In piedi sulla porta del suo appartamento in boulevard Richard-Lenoir, il commissario non riuscì a trattenere il sorriso, e non perché sua moglie lo avesse chiamato «signor Maigret», cosa che faceva spesso quando era in vena di scherzare, ma perché la folata calda che lo aveva investito in pieno viso gli aveva ricordato...
Si trovava lontano da Saint-Cloud e apparteneva ad un ceto ben diverso da quello dei finti coniugi Donge... Eppure al suo rientro aveva trovato la signora Maigret con l’ago in mano, non in cucina ma in sala da pranzo, con i piedi sulla stufetta anziché dentro il forno, e avrebbe scommesso che anche a casa sua, da qualche parte, ci fossero i resti di una torta.
Sopra il tavolo rotondo pendeva un lampadario. Sulla tovaglia, una grossa zuppiera panciuta, una caraffa per il vino, una per l’acqua e due tovaglioli nel loro anello d’argento. L’odore che veniva dalla cucina era identico a quello dello stufato di Charlotte...
«Ti hanno cercato tre volte...».
«Dalla Ditta?».
Lui e i suoi collaboratori chiamavano così la Polizia giudiziaria.
Si tolse il cappotto con un sospiro di soddisfazione, scaldò un attimo le mani sopra la stufetta e si rammentò che poco prima Prosper Donge aveva fatto lo stesso gesto.
Infine alzò il ricevitore e compose un numero.
«È lei, commissario?» chiese la voce bonaria di Lucas all’altro capo del filo.
«Come va?... Niente di nuovo?... Io invece ho alcune cosette da dirle, sono rimasto qui apposta... Per cominciare, l’istitutrice...
«Quando è uscita dal Majestic, l’ha pedinata Janvier... E sa cosa pensa?... Secondo lui quella, dalle sue parti, non faceva l’istitutrice ma il gangster...
«Pronto?... Be’, le racconto in due parole quel che è successo... Poco dopo il vostro colloquio la ragazza ha lasciato l’albergo... Invece di prendere il taxi che le aveva chiamato il portiere, è saltata in un altro che girava in cerca di clienti. È un miracolo se Janvier non se l’è fatta scappare...
«Sui Grands Boulevards si è precipitata nel metrò... Poi è entrata in una casa ed è uscita dalla porta di servizio... Janvier è riuscito a starle dietro fino alla Gare de Lyon... Aveva paura che la ragazza salisse su un treno perché non aveva abbastanza soldi con sé...
«Dal binario 4 stava per partire il Roma-Express... Questione di una decina di minuti... Ellen Darroman ha passato in rassegna tutti i vagoni... Quando ormai stava per andarsene indispettita, è arrivato un uomo alto, elegantissimo, con una borsa da viaggio...».
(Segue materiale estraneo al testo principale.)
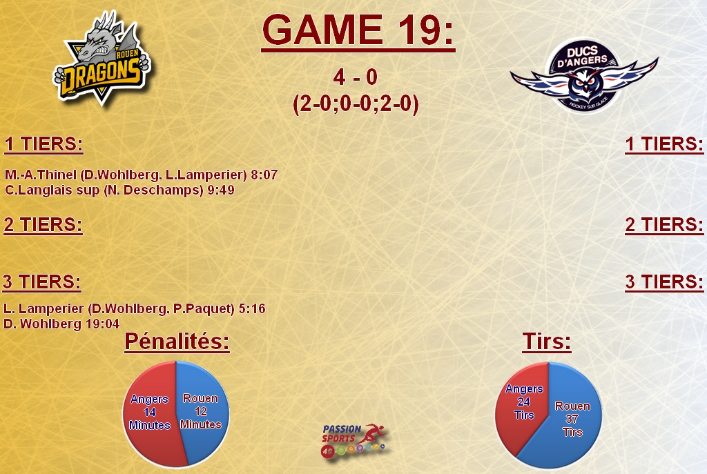 C’était l’occasion pour les Angevins, de rebondir face à l’une des équipes du top quatre du championnat. Malheureusement, les pronostics ont bien été en faveur des Rouennais. Ils ont su poser leur jeu et dominer la rencontre. Au final et pour son neuvième match à l’extérieur, les Ducs s’inclinent pour la huitième fois de la saison (4-0). Au vu de la physionomie de la rencontre, les Dragons de Rouen méritent leur victoire. Cela leur permet de garder leur deuxième place et de prendre des points d’avance sur le troisième. Pour Angers, la situation est de plus en plus compliquée et les jokers deviennent de plus en plus rares. La trêve va être la bienvenue pour permettre aux Ducs de se refaire une petite santé et de travailler sur leurs points faibles, avec on l’espère, qu’ils trouvent les solutions.

«Oswald J. Clark...» suggerì Maigret che lo ascoltava guardando la moglie senza vederla. «Voleva avvertirlo, è chiaro...».
«Dal modo di salutarsi, secondo Janvier, parevano due buoni amici più che un’impiegata e il suo datore di lavoro... Ha mai visto Clark?... È un pezzo d’uomo, asciutto, ma ben piantato, con una faccia sana e aperta da giocatore di baseball...
Hanno cominciato a camminare avanti e indietro lungo il binario discutendo fra loro, come se Clark fosse tentato di partire lo stesso... Quando il treno si è messo in moto, lui non doveva essere ancora del tutto convinto, perché ha avuto uno scatto quasi volesse saltare sul predellino...
«Alla fine sono usciti dalla stazione ed hanno chiamato un taxi. Pochi minuti dopo erano già all’ambasciata americana in avenue Gabriel...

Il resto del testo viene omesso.